DESCRIPTION OF THE TASK: In your copy, repeat the records exactly and leave out the pictures.

Excerpts from a dataset:
========================

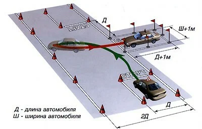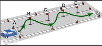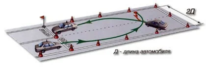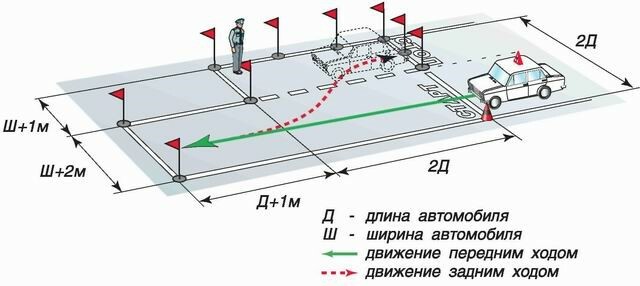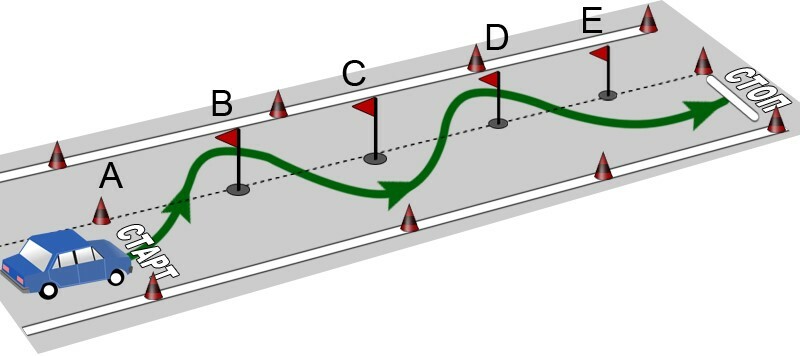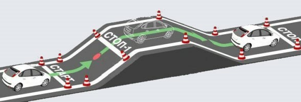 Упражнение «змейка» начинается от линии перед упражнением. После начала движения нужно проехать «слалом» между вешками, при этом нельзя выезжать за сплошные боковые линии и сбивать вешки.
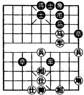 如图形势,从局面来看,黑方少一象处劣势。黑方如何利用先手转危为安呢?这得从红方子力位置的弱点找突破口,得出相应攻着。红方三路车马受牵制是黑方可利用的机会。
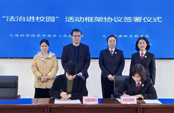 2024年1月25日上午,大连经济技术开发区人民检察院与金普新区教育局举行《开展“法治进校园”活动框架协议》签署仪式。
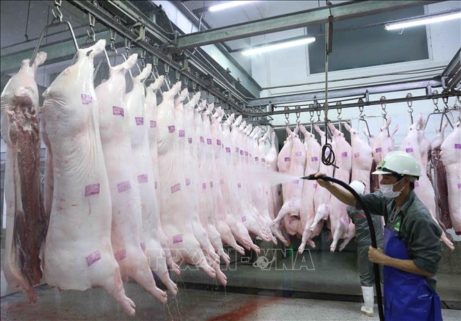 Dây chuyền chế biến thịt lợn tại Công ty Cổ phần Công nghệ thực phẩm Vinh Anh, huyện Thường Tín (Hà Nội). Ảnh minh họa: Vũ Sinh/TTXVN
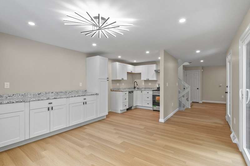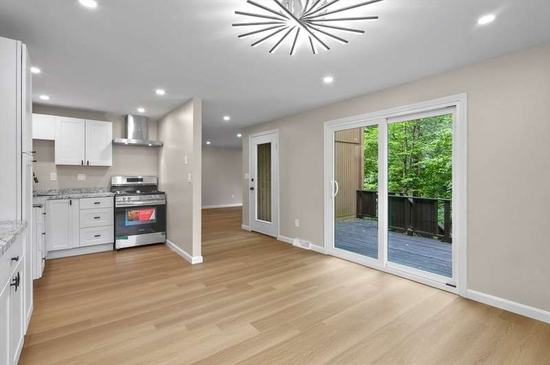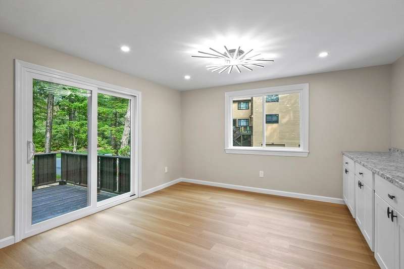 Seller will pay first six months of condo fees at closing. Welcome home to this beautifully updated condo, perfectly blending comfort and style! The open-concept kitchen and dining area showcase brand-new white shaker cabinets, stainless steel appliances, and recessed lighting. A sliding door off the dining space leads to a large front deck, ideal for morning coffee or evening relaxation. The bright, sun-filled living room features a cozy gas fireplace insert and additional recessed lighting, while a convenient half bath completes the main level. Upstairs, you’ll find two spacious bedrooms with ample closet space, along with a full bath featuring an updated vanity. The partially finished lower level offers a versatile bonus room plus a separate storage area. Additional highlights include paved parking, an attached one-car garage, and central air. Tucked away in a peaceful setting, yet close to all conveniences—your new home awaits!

========================

TASK ANSWER:
 Упражнение «змейка» начинается от линии перед упражнением. После начала движения нужно проехать «слалом» между вешками, при этом нельзя выезжать за сплошные боковые линии и сбивать вешки.
 如图形势,从局面来看,黑方少一象处劣势。黑方如何利用先手转危为安呢?这得从红方子力位置的弱点找突破口,得出相应攻着。红方三路车马受牵制是黑方可利用的机会。
 2024年1月25日上午,大连经济技术开发区人民检察院与金普新区教育局举行《开展“法治进校园”活动框架协议》签署仪式。
 Dây chuyền chế biến thịt lợn tại Công ty Cổ phần Công nghệ thực phẩm Vinh Anh, huyện Thường Tín (Hà Nội). Ảnh minh họa: Vũ Sinh/TTXVN
 Seller will pay first six months of condo fees at closing. Welcome home to this beautifully updated condo, perfectly blending comfort and style! The open-concept kitchen and dining area showcase brand-new white shaker cabinets, stainless steel appliances, and recessed lighting. A sliding door off the dining space leads to a large front deck, ideal for morning coffee or evening relaxation. The bright, sun-filled living room features a cozy gas fireplace insert and additional recessed lighting, while a convenient half bath completes the main level. Upstairs, you’ll find two spacious bedrooms with ample closet space, along with a full bath featuring an updated vanity. The partially finished lower level offers a versatile bonus room plus a separate storage area. Additional highlights include paved parking, an attached one-car garage, and central air. Tucked away in a peaceful setting, yet close to all conveniences—your new home awaits!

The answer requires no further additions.